Election Reform
Showing Original Post only (View all)A possible campaign for verifiable elections? [View all]
There are many of us around DU who are aware of the enormous cost of using voting machines to count votes in the US. Many of us are aware, as Jonathan Simon points out in his recent book CODE RED: COMPUTERIZED ELECTION THEFT AND THE NEW AMERICAN CENTURY, that the vote in almost every state is either entirely unverifiable or almost never verified no matter how suspicious the results. At the same time, there is overwhelming statistical evidence that the malicious programming and hacking of voting machines has skewed the results of elections steadily to the right. Here in Kansas, for example, Kris Kobach is doing all he can to prevent Beth Clarkson, a statistician at Wichita State, from counting the (supposed) paper trail of the last election. She is convinced on the basis of her calculations (published in both American Statistical Assn and the Royal Statistical Society) that "some voting systems were being sabotaged." I doubt she will be able to move the powers that be. They are too entrenched right now, but there is always the possibility.
I have often just thrown my hands up in frustration and decided that there's no help for it. Nobody seems willing to do anything about it. But maybe there is something that we can do together. Simon in the book mentioned above says that a number of statisticians have proposed and come to a kind of agreement about a "risk-limiting audit," (an RLA) as a very useful solution to the problem of unverifiable elections (p. 81ff in the above book). What I might suggest is that some of us might join together in a campaign to fight for "verifiable vote counting" in US elections. If we could form a group centered on that ONE IDEA, verifiable elections, and repeat that mantra over and over and over ad infinitum, we might eventually begin to gain some traction. It's an easily provable fact that the elections are not verified. Generally, the attitude is that what takes place inside the machine remains in the machine.
What we would be fighting for is the use of opti-scans (or where that is impossible, touch screens that print out a voting result that can be counted) and the auditing of a percentage of paper ballots from each election to make sure the election has not been rigged or stolen. The statisticians Simon mentions have developed a simple procedure that would be easy for election officials to follow in the verification process. The only thing holding it up is the opposition of those in charge of the counting, and that's where our campaign would be aimed: at Kobach and others like him across the country who refuse to permit the vote to be verified statistically while they demand voter suppression through voter ID's etc. in order to meet a non-existent threat of voter fraud.

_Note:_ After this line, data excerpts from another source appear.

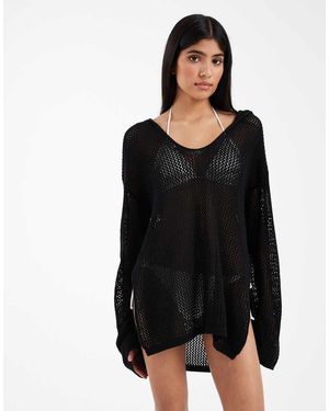 Rocky Knit Beach Chuck On Hooded Dress - Black
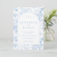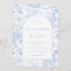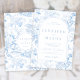 Um delicado padrão Chinoiserie elegante com flores brancas-claras primavera de verão, convite clássico de casamento com noiva e monograma nas costas.
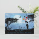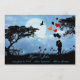 Pareja besándose bajo la luna cerca de globos de colores brillantes.

I can see a strong organization like those that have formed in the past to deal with segregation or women's suffrage or whatnot, bumper stickers ("VERIFY THE VOTE!" , letters to the editor all over the country on one theme, etc. I'd be willing to help fund such an effort and I think eventually enough people could be convinced to join the campaign that it could succeed. We need it now more than ever with Bernie running and other candidates beginning to be moved in his direction. But it won't make any difference if the vote continues to be essentially rigged, especially in certain, usually lower level or local elections.
Does anybody else agree with me? Let me know. I personally cannot take a leading role in any such organization to carry out the campaign, but I would be more than willing to help out and I suspect that there are many like me, maybe a very large number.